Les richesses du Sacré Cœur…

Les richesses du Sacré Cœur…


Si la Croix nous guide jusqu’à la nouvelle Pentecôte et le retour glorieux du Christ, Jésus nous offre toujours son Cœur et ses richesses pour arriver à ces temps glorieux. Le Cœur de Jésus est notre Lumière, notre soutient, notre réconfort et notre refuge en ces temps difficiles.

« C’est en France que j’ai déposé mon Divin Cœur, comme on dépose une perle dans un écrin. C’est à la France d’en susciter la dévotion et de la maintenir à travers les âges ».
                                                                             (Le grand message de la Croix)

Au cours des siècles Jésus a révélé son Cœur au monde. Notamment à Sainte Marguerite Marie, religieuse à Paray le Monial.

C’est en 1981 que Jésus commence à me donner son message et il me parle de son Cœur qu’il me d’écrit comme un diamant où je vois plusieurs facettes :

-          Le Cœur Divin

-          Le Cœur Humain

-          Le Cœur Eucharistique

-          Le Cœur Douloureux

-          Le Cœur Miséricordieux

-          Le Cœur Jésus-Marie

Il m’en donne alors la signification :

Par le Cœur Divin, nous entrons dans la dévotion au Saint-Esprit.
Par le Cœur Jésus-Marie, nous entrons dans la dévotion à la Sainte Vierge.
Par le Cœur Eucharistique, nous entrons dans la dévotion à l’Eucharistie.
Par le Cœur Douloureux, nous entrons dans la dévotion à la Croix.
Par le Cœur Humain, nous entrons dans la dévotion Evangélique.
Par le Cœur Miséricordieux, nous entrons dans la dévotion à la Miséricorde.

C’est ainsi que Jésus m’a montré tous les dons de son Cœur, qui forme sa couronne de gloire. Son Cœur doit triompher avec tous ses dons, c’est la grande richesse du Sacré Cœur.

Jésus nous dit : « Ce message est le couronnement de tous les autres… Regarde la couronne de gloire que vont me faire mes enfants. Regarde mon Cœur triomphant illuminé. Toutes ces dévotions, si chères à ma Divinité et à ma Sainte Humanité, se déploient sous tes yeux.
Des trésors de grâces sont à votre portée, mes enfants, saisissez-les ! Ne les laissez pas passer ! Mon Cœur exulte car la Miséricorde flambe et se répand à profusion sur la terre.

Saisissez-vous de mon Cœur, comme il se présente aujourd’hui. Honorez-le de cette façon. C’est une grande heure d’Amour pour l’humanité pècheresse. Aime et honore ses rayons qui forment ma gloire. Aime-les et honore-les, comme je les aime moi-même. Ils sont partie intégrante de mon Cœur. Ils jaillissent de la source de l’Amour. Ces rayons de mon Cœur sont ardente charité pour vous.
Montrez mon Cœur au monde, ainsi, tout resplendissant et auréolé de ses rayons de gloire (ses dons), tout brûlant d’Amour. Ceux qui m’aiment s’uniront avec délice à ce Cœur rayonnant, car tous sont sous l’influence de ses rayons et doivent en bénéficier.

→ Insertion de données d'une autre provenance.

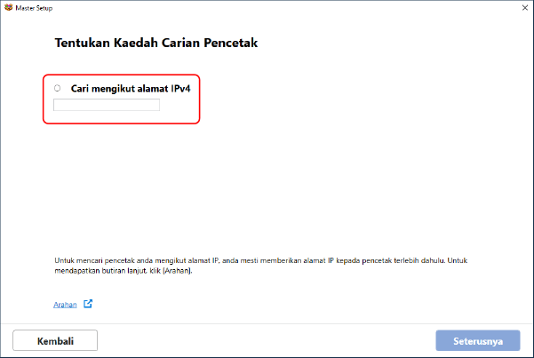 Anda boleh mencari Printer dengan menentukan alamat IP. Carian ini memerlukan anda untuk mengesahkan alamat IP Printer terlebih dahulu.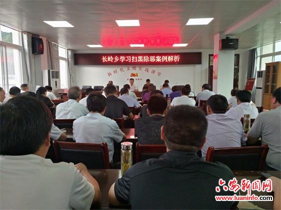 长岭乡组织学习《金寨县扫黑除恶案例播报》警示教育会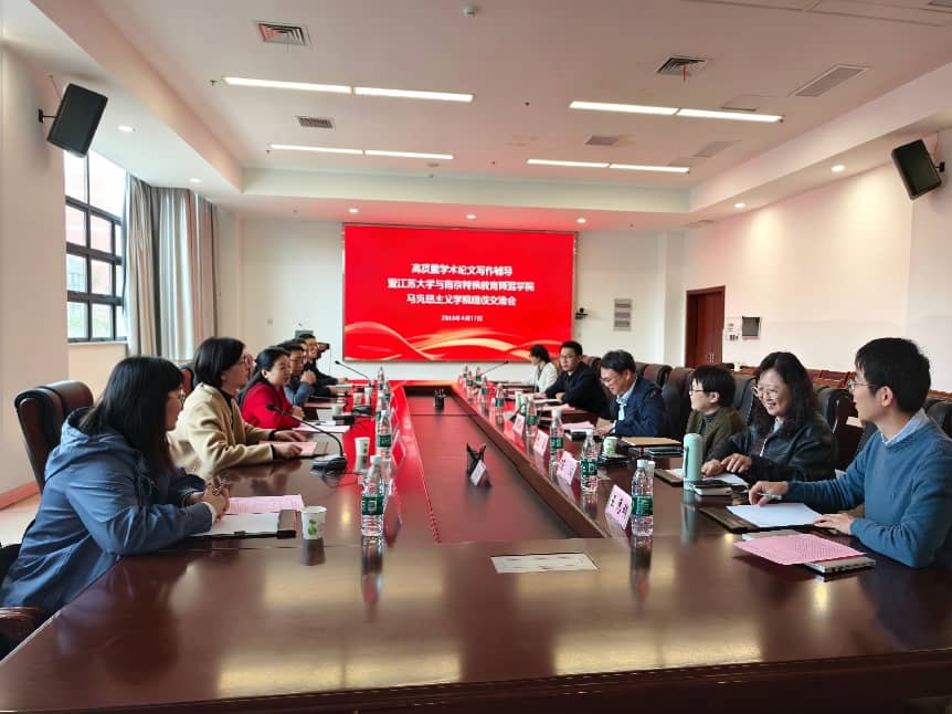 为进一步提高我校教师学术论文写作水平、加强与省内外高水平院校交流合作,4月17日下午,高质量学术论文写作辅导暨江苏大学与南京特殊教育师范学院马克思主义学院建设交流会在我校栖霞校区实验实训楼201会议室举行。江苏大学马克思主义学院院长李丽教授、副院长蒋俊明教授,《江苏大学学报(社会科学版)》副主编、编辑部主任张向凤,《中国近现代史纲要》教研室主任戴迎华教授、《马克思主义基本原理》教研室主任靳媛媛博士、思想政治教育系副主任王红伟副教授参加会议。校长王立新教授出席会议,马克思主义学院党政主要负责同志和学院各教研室主任、青年教师代表参加交流会。会议由马克思主义学院直属党支部负责人主持。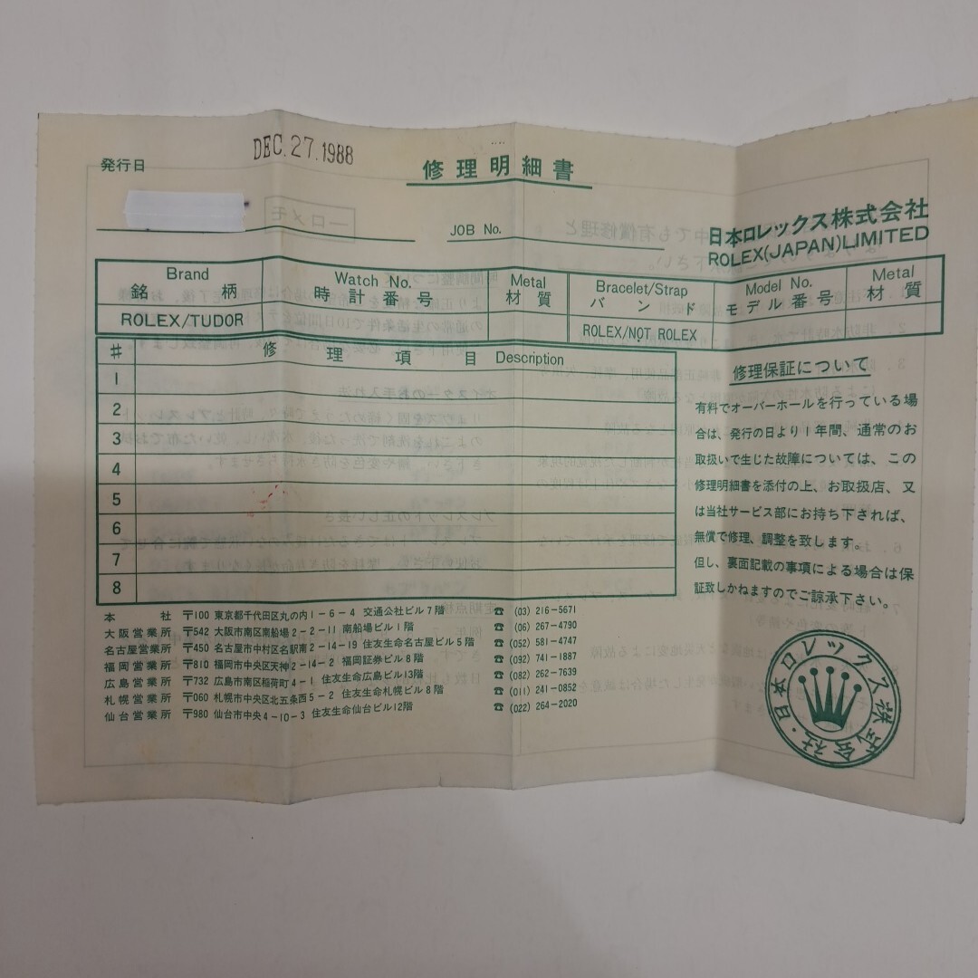 - 1988年12月27日に発行された修理明細書です・・・昔の正規輸入の ROLEX/TUDOR に使用されていました・・・日本ロレックス株式会社

Je veux par ce message arriver à tous les Cœurs et les ramener dans la maison du Père ».

Dieu le Père :

« Je sais, mon enfant ! Je connais tout. Tes souffrances, tes luttes même ne peuvent être que salutaires. Car toute souffrance endurée pour moi est gloire pour le ciel.
C’est moi qui te fais écrire. Tu es petite, mais mon désir est grand.
Je désire que ma parole pénètre dans tous les foyers chrétiens, et même et surtout dans les autres. Car ma Parole et mon Amour sont pour tous. Je suis le Père éternel.
Mes paroles doivent pénétrer dans les foyers et les cœurs, accompagnées de l’image du Cœur de mon Fils, comme tu l’as représenté environné de ses rayons de gloire.
Car c’est ainsi qu’il doit triompher. C’est l’enseignement et la seule doctrine des fils de DIEU. Je viens le rappeler au monde et demander aux âmes de s’y associer.
Unissez-vous au Cœur de Jésus ! Son Cœur ainsi présenté est tout un enseignement pour tous. Que chacun y puise sa lumière et vienne boire à sa source ».

 

En 1984 le Seigneur m’envoie à Paray le Monial où je dois rencontrer deux prêtres : Mgr Gaidon et le père Toinet, théologien.
Je reste huit jours à Paray le Monial où ces deux prêtres me posent beaucoup de questions…
Par la suite le père Toinet devient mon directeur spirituel jusqu’à son décès en 1991.